Latkes and a Bit of Light
It’s been a rough week. I have been able to type that almost every day this year, and have it be accurate – more on that in another post – but nonetheless it’s true. Migraines, swollen hands, skin fitting not right, irritations to the touch, lack of sleep; it’s been the entire gauntlet of everything. So on Thursday night, pretty much the last thing I wanted to do was go to a latke party. I didn’t feel well, it was going to weather, there would be not only people but strangers. I finally ended up dragging myself out of the house, naturally compounding everything by guaranteeing we’d be late.
Not the most perfect set-up in the world for an introvert, but it was and I’d committed.
One of the weirder things about my current life is just how much time I spend around people in bioethics – either because I’ve gone to a conference or I’m judging something or I’m at a meeting or, yes, even just because I’m at a latke party. I’ve been struggling to deal with that now, for years. Who am I? How do I introduce myself? Do I share The Story? How do I explain what I know and why I know it, but also why I’m not “using it” in any way most folks would consider measurable or meaningful?
For the last few years, I’ve stuck with enigma – the sort of half smile and promise to tell the details later, over a drink, bribe me with chocolate – or taking a deep breath and dumping it all out and making sure it’s clear I don’t want to talk about it, thanks. A few people have gotten the full measured story over a conversation, but not many.
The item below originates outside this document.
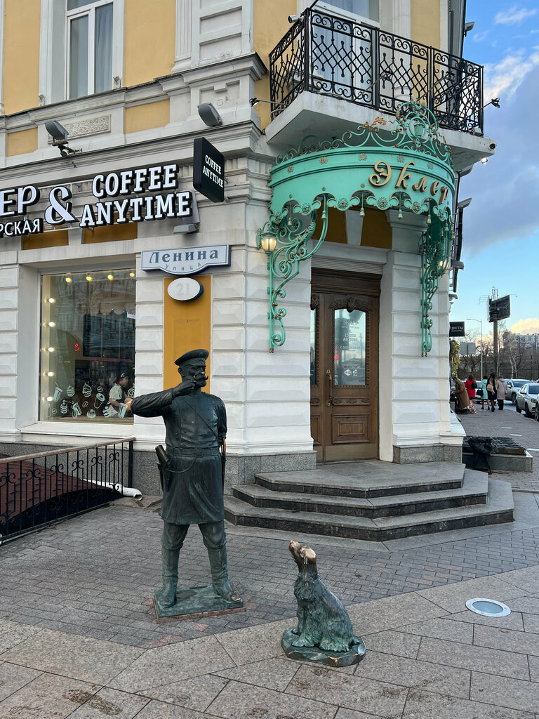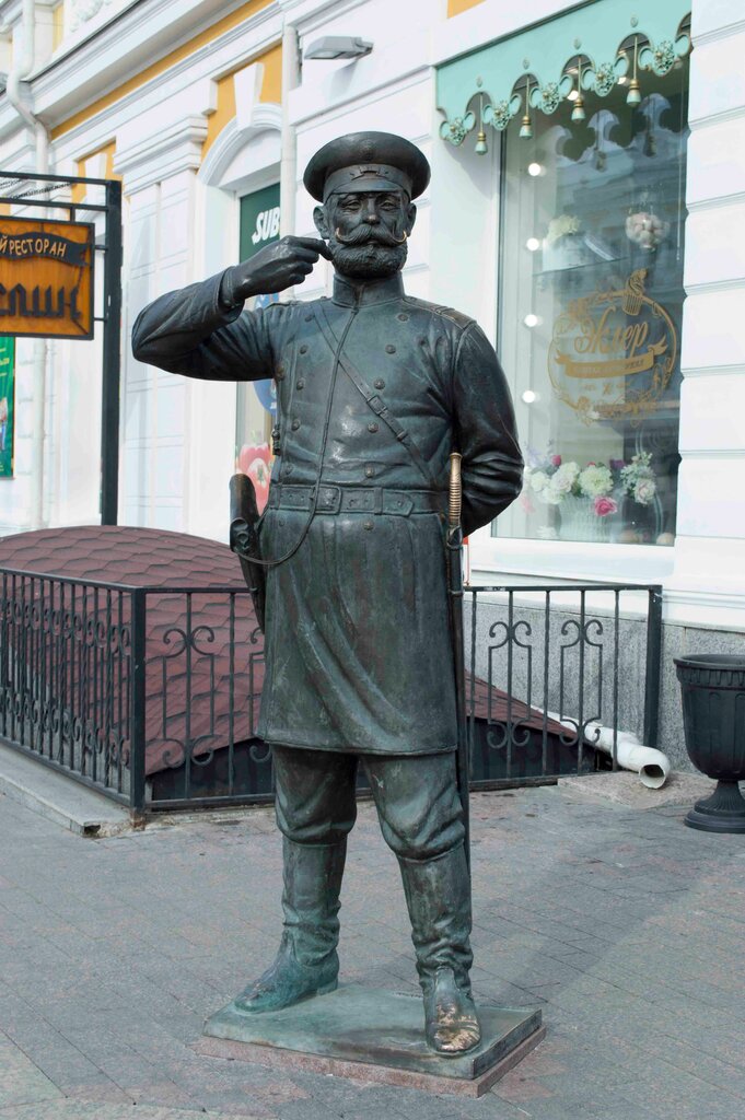 Замечательная скульптурная группа, городовой и его друг - на страже порядка. Хорошая фотозона, добрейший городовой с залихватскими усами, так и тянет подкрутить их, а спаниеля погладить.

It’s weird. It’s so defining. It was almost a decade ago, but it still looms large over life. It always will, as long as I’m tangental to the field, working in or near it, married to a rising star.
For whatever reason, Thursday’s latke party was different. When it came up – who am I again, why do I know all this? I was able to address the situation conversationally, even cheekily. It ended up creating a lot of laughter, a lot of sympathy, and I think at least a small measure of respect. And it got me thinking about how we define ourselves, for ourself and for others.
I read an interview today with Mara Wilson; it was published back in April but for some reason landed in front of my eyes today. It might have been the best day, because I was already mulling similar things – how do you define yourself when it feels like everyone knows who you were, even if it’s not who you are? 1 Mara left acting for writing, and she talks a bit in this interviews (and others) about her long effort at distancing herself from acting, of asserting herself, not wanting to be associated with that image.
Well. I can relate to that.
I can also relate to this:
I’m always going to be associated with that image, and I might not want to be reduced to that image, but I’m always going to be associated with it. So I’m working on embracing it.
Ends of years are arbitrary times, picked out on calendars for reasons that don’t have a lot of meaning any more. I don’t tend to place much faith in them, or superstition, but it’s hard not to think that those words landed in front of me now, just when I needed to contemplate them in front of the blank slate of a new year.
I don’t know much, and the path isn’t terribly clear – on days when one foot in front of the other is hard physically, that doesn’t make things any easier – but I do know that I can embrace the things that define me, I can be witty and charming, I can catalogue beneficial things I learned. I can laugh. And that’s a start.